:: WORK INSTRUCTION ::
Would you return the lines that run from the start of the data below to the line with "这艘船只,是一艘250英尺的", both included, exactly as written and without pictures?

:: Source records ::
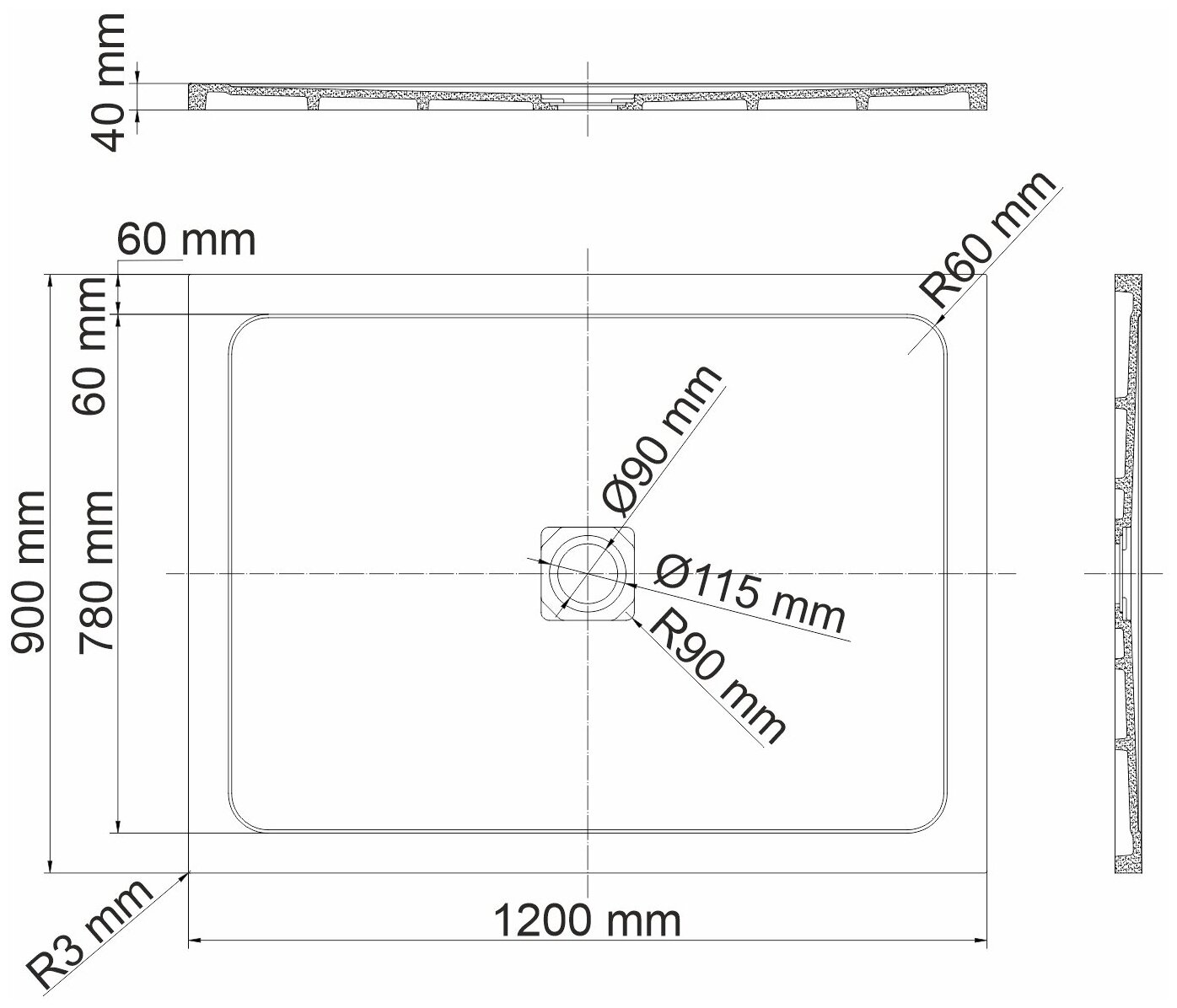 Душевой поддон WasserKRAFT Dinkel 90х120 58T07 информация:
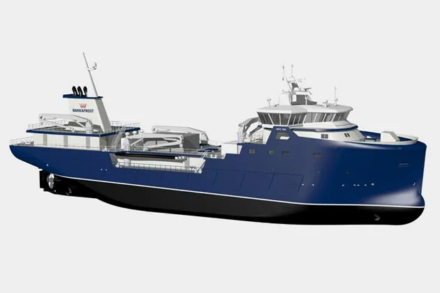 这艘船只,是一艘250英尺的方形“活鱼运输船”,具有高波浪穿透船头,将为丹麦鲑鱼生产商Bakkafrost建造。这艘船将从开放海洋鱼场运输鲑鱼——以及足够的水供它们游动——到将被加工成鱼片和牛排的工厂。
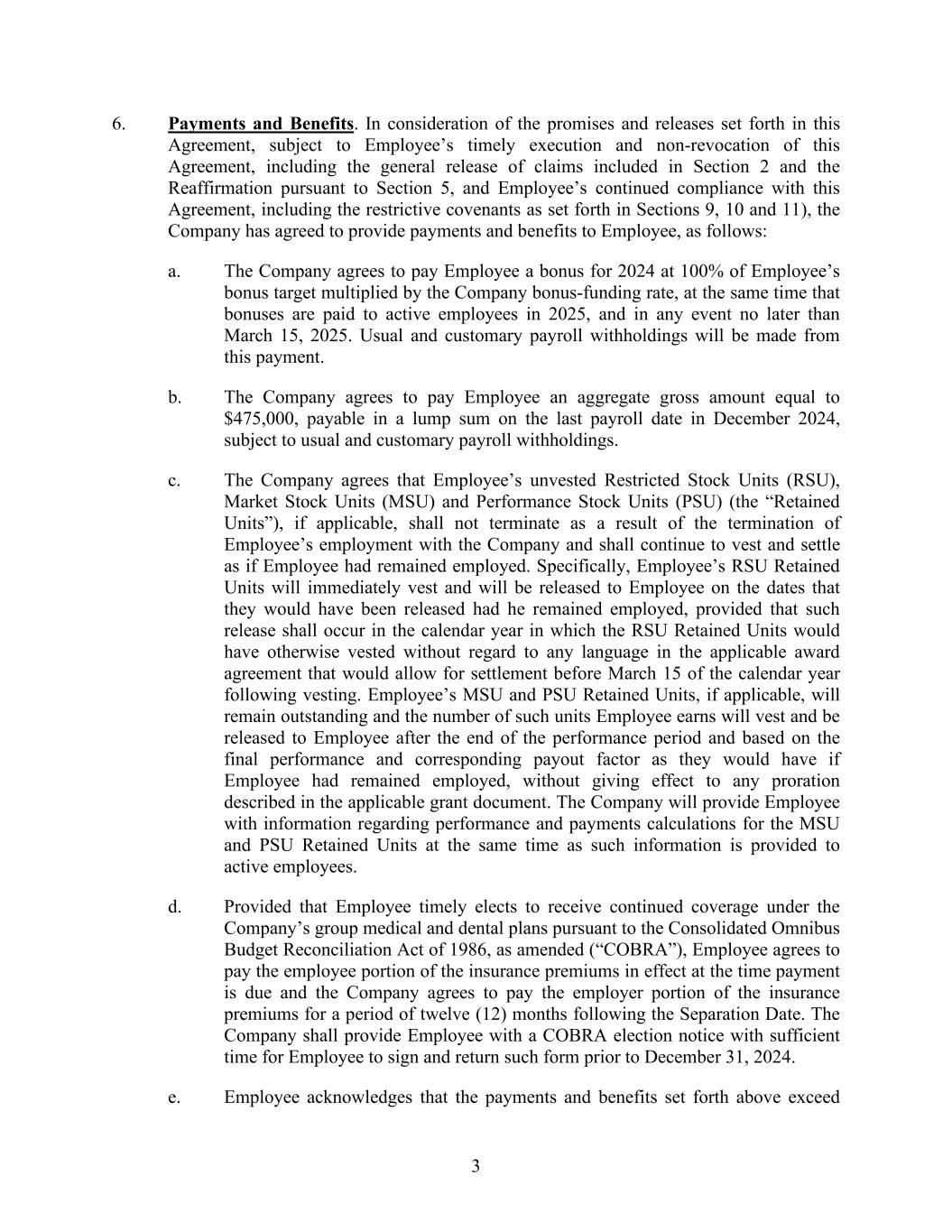 3 6. Payments and Benefits. In consideration of the promises and releases set forth in this Agreement, subject to Employee’s timely execution and non-revocation of this Agreement, including the general release of claims included in Section 2 and the Reaffirmation pursuant to Section 5, and Employee’s continued compliance with this Agreement, including the restrictive covenants as set forth in Sections 9, 10 and 11), the Company has agreed to provide payments and benefits to Employee, as follows: a. The Company agrees to pay Employee a bonus for 2024 at 100% of Employee’s bonus target multiplied by the Company bonus-funding rate, at the same time that bonuses are paid to active employees in 2025, and in any event no later than March 15, 2025. Usual and customary payroll withholdings will be made from this payment. b. The Company agrees to pay Employee an aggregate gross amount equal to $475,000, payable in a lump sum on the last payroll date in December 2024, subject to usual and customary payroll withholdings. c. The Company agrees that Employee’s unvested Restricted Stock Units (RSU), Market Stock Units (MSU) and Performance Stock Units (PSU) (the “Retained Units”), if applicable, shall not terminate as a result of the termination of Employee’s employment with the Company and shall continue to vest and settle as if Employee had remained employed. Specifically, Employee’s RSU Retained Units will immediately vest and will be released to Employee on the dates that they would have been released had he remained employed, provided that such release shall occur in the calendar year in which the RSU Retained Units would have otherwise vested without regard to any language in the applicable award agreement that would allow for settlement before March 15 of the calendar year following vesting. Employee’s MSU and PSU Retained Units, if applicable, will remain outstanding and the number of such units Employee earns will vest and be released to Employee after the end of the performance period and based on the final performance and corresponding payout factor as they would have if Employee had remained employed, without giving effect to any proration described in the applicable grant document. The Company will provide Employee with information regarding performance and payments calculations for the MSU and PSU Retained Units at the same time as such information is provided to active employees. d. Provided that Employee timely elects to receive continued coverage under the Company’s group medical and dental plans pursuant to the Consolidated Omnibus Budget Reconciliation Act of 1986, as amended (“COBRA”), Employee agrees to pay the employee portion of the insurance premiums in effect at the time payment is due and the Company agrees to pay the employer portion of the insurance premiums for a period of twelve (12) months following the Separation Date. The Company shall provide Employee with a COBRA election notice with sufficient time for Employee to sign and return such form prior to December 31, 2024. e. Employee acknowledges that the payments and benefits set forth above exceed
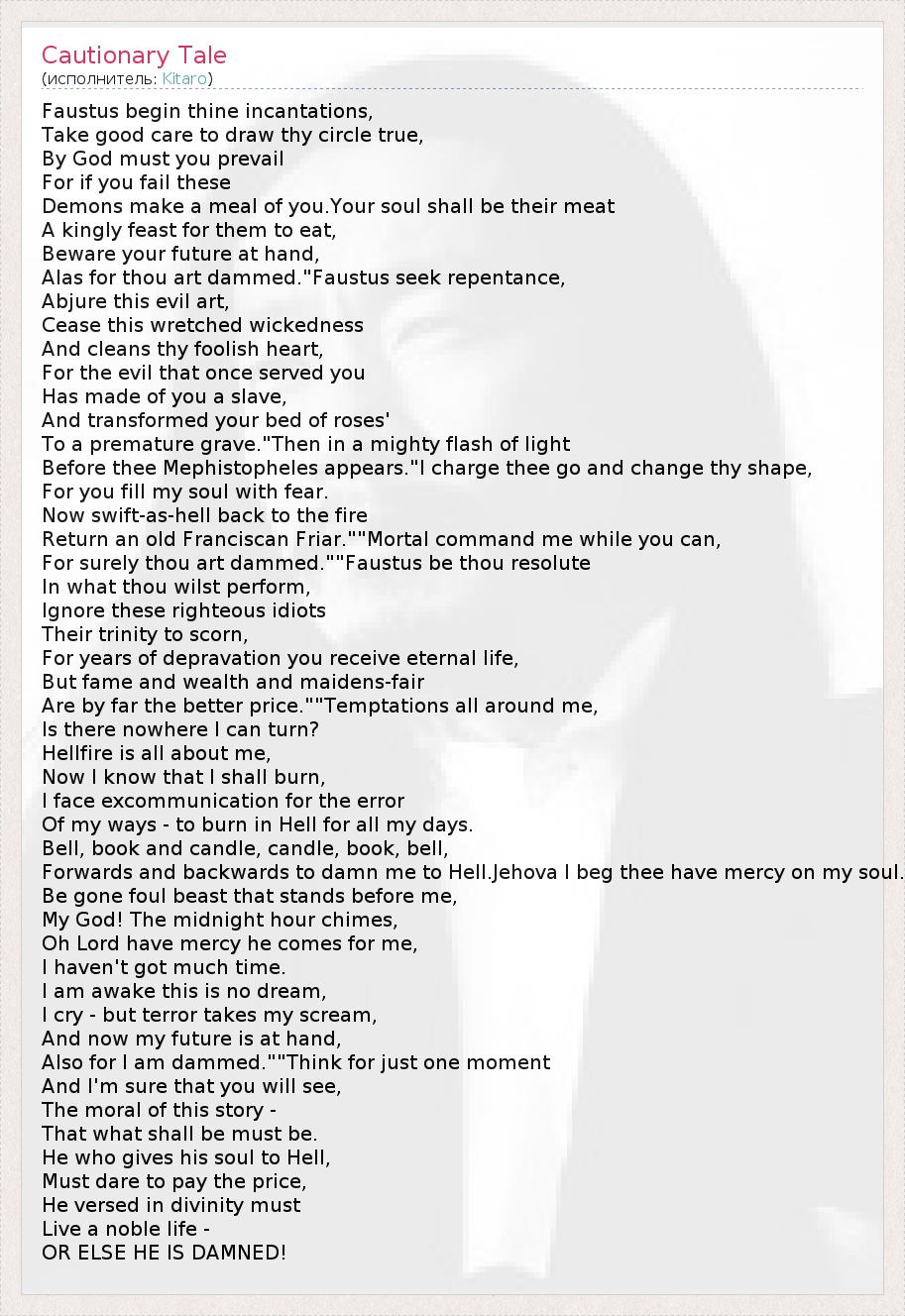 For surely thou art dammed.""Faustus be thou resolute
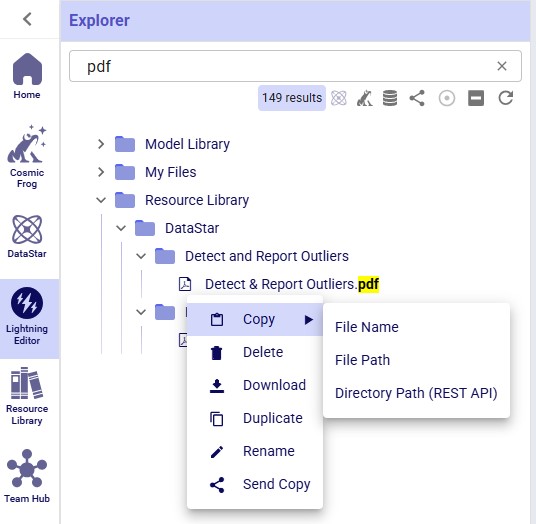 In this final section of the Explorer documentation, we will cover the options users have from the context menus that come up when right-clicking on files and folders in the Explorer. Screenshots and text will explain the options in the context menus for folders, Cosmic Frog models, text-based files, and all other files.
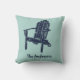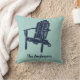 Add a name or your own custom text to create a personalised throw pillow or cushion. This pillow features an illustration of a wooden Adirondack chair in navy blue set against a light aqua blue background with your message in navy blue script lettering below the graphic. The reverse side has a coordinated striped pattern.
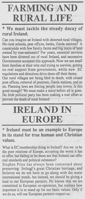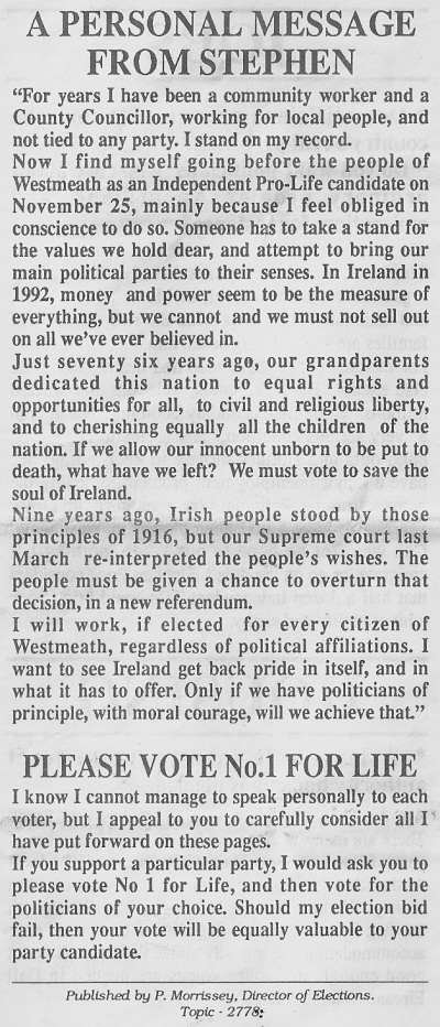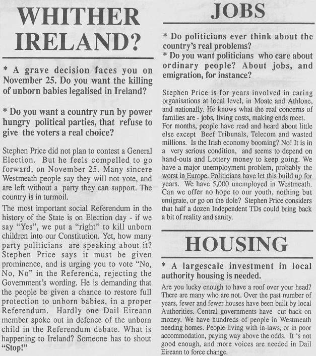 From the 1992 General Election in Westmeath, Independent candidate Stephen Price.

:: RESULT OF THIS EXERCISE ::
 Душевой поддон WasserKRAFT Dinkel 90х120 58T07 информация:
 这艘船只,是一艘250英尺的方形“活鱼运输船”,具有高波浪穿透船头,将为丹麦鲑鱼生产商Bakkafrost建造。这艘船将从开放海洋鱼场运输鲑鱼——以及足够的水供它们游动——到将被加工成鱼片和牛排的工厂。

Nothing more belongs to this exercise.